A MVD Bond is necessary to attain your dealer license for the state in which your dealership is in. It does not protect you or your business; but it gives protection for consumer or state from fraud, falsification or any other state statue referenced in the bond form. The bond amount will vary from state to state. The dealership can’t lower or raise the surety bond amount since it is set by the state. Applying for a motor vehicle Bond or Dealer Bond with any surety company is very similar to applying for a loan. The surety then obtains a credit report, review business financials and personal financials.
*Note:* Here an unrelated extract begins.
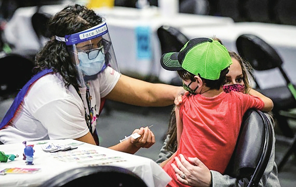 2021年12月12日,在加拿大多伦多的一处新冠疫苗接种中心,接种员准备为一名儿童接种疫苗。新华社发(邹峥摄)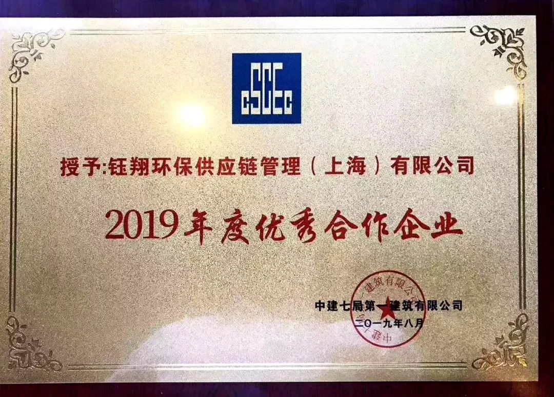 近日,鈺翔環(huán)保供應(yīng)鏈管理(上海)有限公司被中建七局第一建筑有限公司評(píng)為2019年度優(yōu)秀合作企業(yè)。

The cause for this is that the surety needs to make sure that if a loss occur and the surety pays out on a claim that you would be able to pay back the surety for the incurred loss. Not like insurance where the insurance company is indemnifying you and restore you to the monetary position you once where at, you are indemnifying the Surety Company. There are a lot of names for this bond some common names are Auto dealer bond and used car dealer bond they are all same MVD bonds just in different terms.
Archive for April, 2009
Why a MVD bond is needed
Saturday, April 11th, 2009issuing a MVD bond
Thursday, April 9th, 2009issuing a MVD bond
Motor vehicle dealer bond forms main part of different types of surety bonds issued all over the world. In general, everybody knows that surety bonds comprise of a lot of bonds, mainly motor vehicle dealer bond fetches more demand among the applicants. It is considered as a more important and vital bond among the people. The main intention of issuing surety bond, i.e. MVD bond is that it protects the public against any default act of obligator or the dealer to the obligee. These bonds can be called in different names like motor vehicle bond, DMV bond, used car dealer bond and in many other names. This bond protects the obligee against the default work or deceitful act of the motor vehicle dealer with regard to buying and selling of motor vehicle in the state. These bonds provide benefits to the obligee by the means of suing the principal in the court of law for non-performance act of the contract. Today, these bonds are issued in different states in different surety bond amounts as per the necessities of the people in different states.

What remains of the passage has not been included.